Third wave hits medical aid funds
Third wave hits medical aid funds

Third wave hits medical aid funds

The medical aid fund industry recorded a loss ratio of 115.1% in the second quarter of 2021, indicating that its total expenditure exceeded its income from contributions.
Jo-Mare Duddy Booysen
Jo-Maré Duddy – The medical aid fund industry in Namibia suffered an overall loss of nearly N$139.9 million in the second quarter of this year as especially hospital, medicine and pathology claims surged during the third Covid-19 wave.

The industry had to settle overall claims of more than N$1.2 billion, the latest report by the Namibia Financial Institutions Supervisory Authority (Namfisa) showed yesterday. Compared to the same three months in 2020, this is an increase of nearly N$329 million or 38%.

“Claims expenditure increased during the quarter under review due to the third wave of Covid-19 which resulted in medical aid fund beneficiaries utilising more healthcare benefits, including hospital and pharmaceutical care benefits,” Namfisa said.

Funds’ overall loss for the three months ended 30 June 2021 is by far the biggest second-quarter loss suffered by the industry on record, according to Namfisa’s website.

The third wave only peaked in July.

CLAIMS

Nearly N$410.5 million was paid out in hospital claims during the period under review, about N$113 million or 38% up from the comparable quarter in 2020. Around N$199.5 million pharmacy claims were settled, up some N$40.9 million or 26% year-on-year (y/y). Claims from specialists rose by around N$31 million or 29% to nearly N$138.6 million.

In total, medical aid funds paid out about N$98.4 million to general practitioners, a y/y increase of nearly N$18 million or 22%. Pathology claims shot up around 60% y/y to more than N$74.6 million. About N$60.5 million was settled as radiology claims, which rose 24% y/y.

According to Namifisa: “The industry reported an average claims ratio of 104.6% during the second quarter of 2021, which was higher than the 88.8% reported for the previous quarter, and also higher than the 77.9% reported for the corresponding quarter of 2020.”

“Claims related to hospital admissions, medicines dispensed by pharmacists and visits to general practitioners and specialists were reported at 70.5% of total healthcare expenditure during the quarter under review, slightly higher than the 69.1% reported for the previous quarter,” it added.

STATS

The industry recorded a loss ratio of 115.1%, indicating that the industry’s total expenditure exceeded its income from contributions for the quarter under review. In the corresponding three months in 2020, the figure was 88.1%.

“The high value of claims were a result of the third wave of Covid-19, an outlier event that is not anticipated to continue in future quarters,” Namfisa said.

It continued: “The impact of other illnesses such as colds, flu, and the impact of these illnesses on other ailments along with elective procedures will be monitored once Covid-19 preventive measures are relaxed and normality is resumed.”

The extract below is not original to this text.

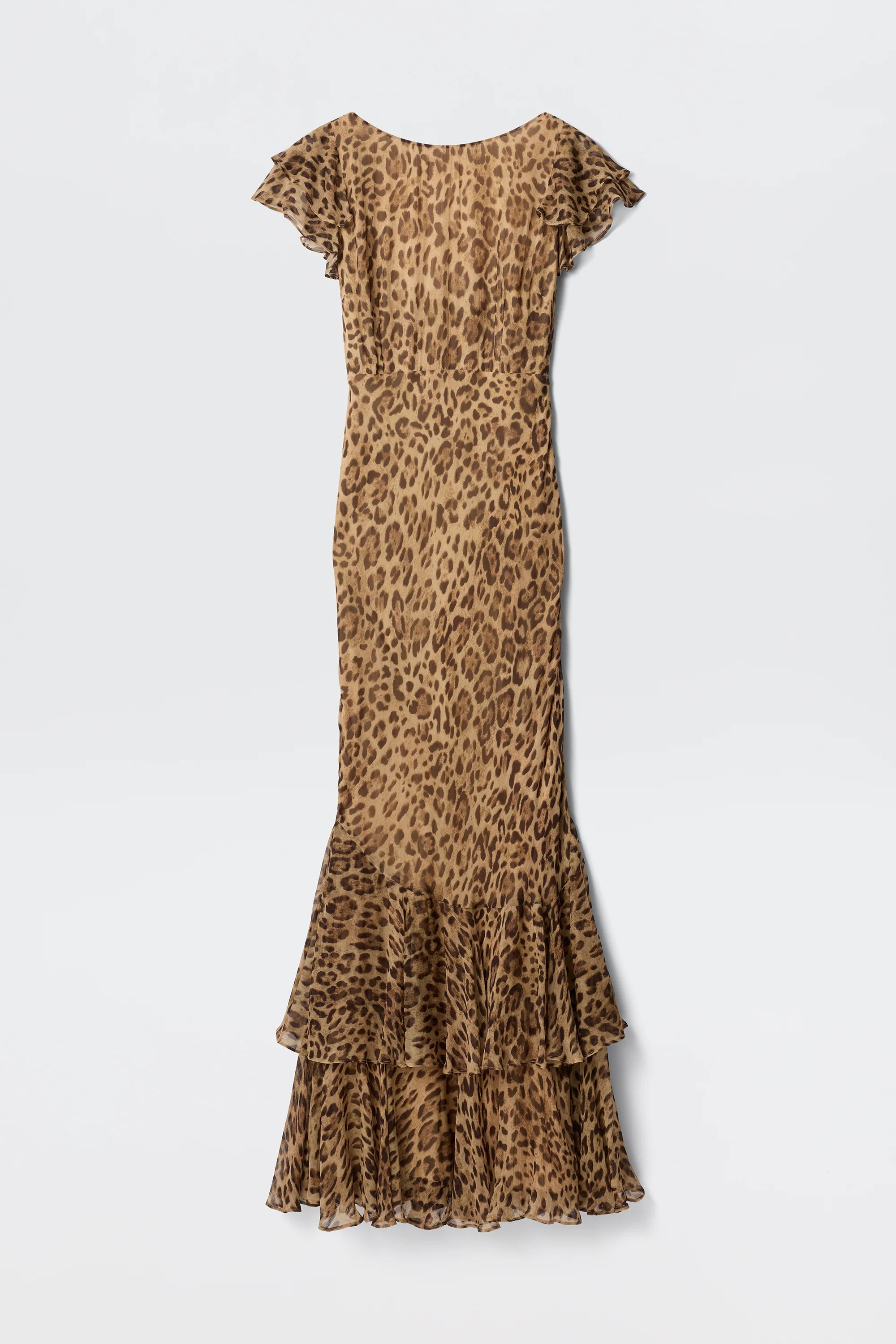 Our most-loved Ordinia gown is a classic, made for life's special moments. 1930s-inspired, it has with a modest low back and romantic ruffles, combining opulence and ease. Now in our new neutral, Mila Leopard print, it’s the ultimate style for black-tie weddings to theatre nights out.

The cash coverage ratio of the industry at the end of June was 0.3, compared to 0.6 at the end of March this year. The cash coverage is the number of months for which the industry can pay claims from its existing cash and cash equivalents.

The second quarter ratio showed that the industry had cash and cash equivalents that were not sufficient to settle one month’s worth of claims as at 30 June.

“However, this does not pose a significant threat to the industry’s viability. The industry held sufficient liquid investments to disinvest in order to settle claims where cash resources are insufficient,” Namfisa said.

LIQUIDITY

The industry’s liquidity gap – the difference between its current assets and its current liabilities – in the second quarter was positive. Current assets exceeded current liabilities by N$1.7 billion at the end of June.

The industry reported a decrease in current assets because of a reduction in cash and cash equivalents due to higher claims and non-healthcare expenses that were paid during the quarter, while current liabilities increased during the second quarter of 2021.

According to Namfisa, these changes in current assets and liabilities resulted in a liquidity ratio of 4.6:1 as at 30 June, compared to 5.0:1 as at 31 March. A liquidity ratio ranging between 1.5:1 and 3:1 is considered ideal, hence the industry reported a favourable liquidity ratio.

The industry’s solvency ratio - total assets versus total liabilities - was 4.8:1 as at 30 June, which was lower than the ration of 5.4:1 reported as at 31 March.

“This indicates that the industry’s total assets amounted to just under five times its total liabilities, which the Authority deems satisfactory. Moreover, the industry held the majority of its assets in liquid investments, hence the industry was deemed to be liquid and solvent as at 30 June 2021,” Namfisa said.